Provided material: Begin

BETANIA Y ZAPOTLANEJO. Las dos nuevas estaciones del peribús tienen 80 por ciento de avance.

Provided material: End
Provided material: Begin

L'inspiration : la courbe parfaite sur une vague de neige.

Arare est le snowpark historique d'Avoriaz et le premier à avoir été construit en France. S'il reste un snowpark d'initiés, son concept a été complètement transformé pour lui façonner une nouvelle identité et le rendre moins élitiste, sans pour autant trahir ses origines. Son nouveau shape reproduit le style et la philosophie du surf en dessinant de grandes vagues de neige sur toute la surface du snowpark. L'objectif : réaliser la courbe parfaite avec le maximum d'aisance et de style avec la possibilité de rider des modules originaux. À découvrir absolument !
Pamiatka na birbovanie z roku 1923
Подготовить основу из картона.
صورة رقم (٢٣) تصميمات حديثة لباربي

Provided material: End
Provided material: Begin

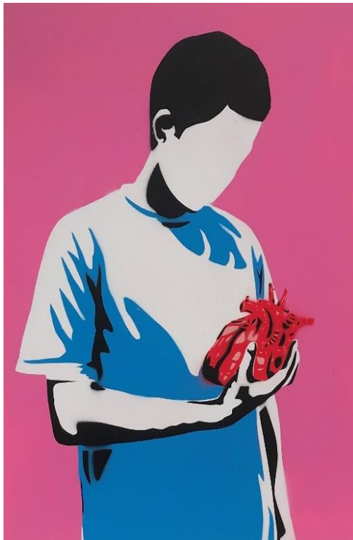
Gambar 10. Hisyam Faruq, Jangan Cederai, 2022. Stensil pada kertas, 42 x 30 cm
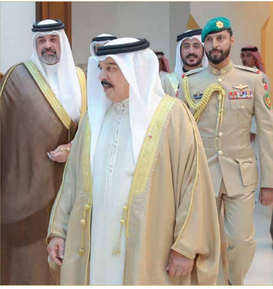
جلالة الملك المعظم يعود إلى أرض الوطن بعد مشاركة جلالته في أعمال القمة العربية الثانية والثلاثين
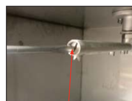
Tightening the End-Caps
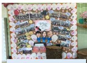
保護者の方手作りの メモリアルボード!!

Provided material: End

▶ _Task instructions_: Exactly the lines above, from the one containing "جلالة الملك المعظم" down to the one containing "保護者の方手作りの メモリアルボード!!", are to be repeated, including both ends. Pictures are not part of the copy.

▶ _Solution for this problem_:
جلالة الملك المعظم يعود إلى أرض الوطن بعد مشاركة جلالته في أعمال القمة العربية الثانية والثلاثين
Tightening the End-Caps
保護者の方手作りの メモリアルボード!!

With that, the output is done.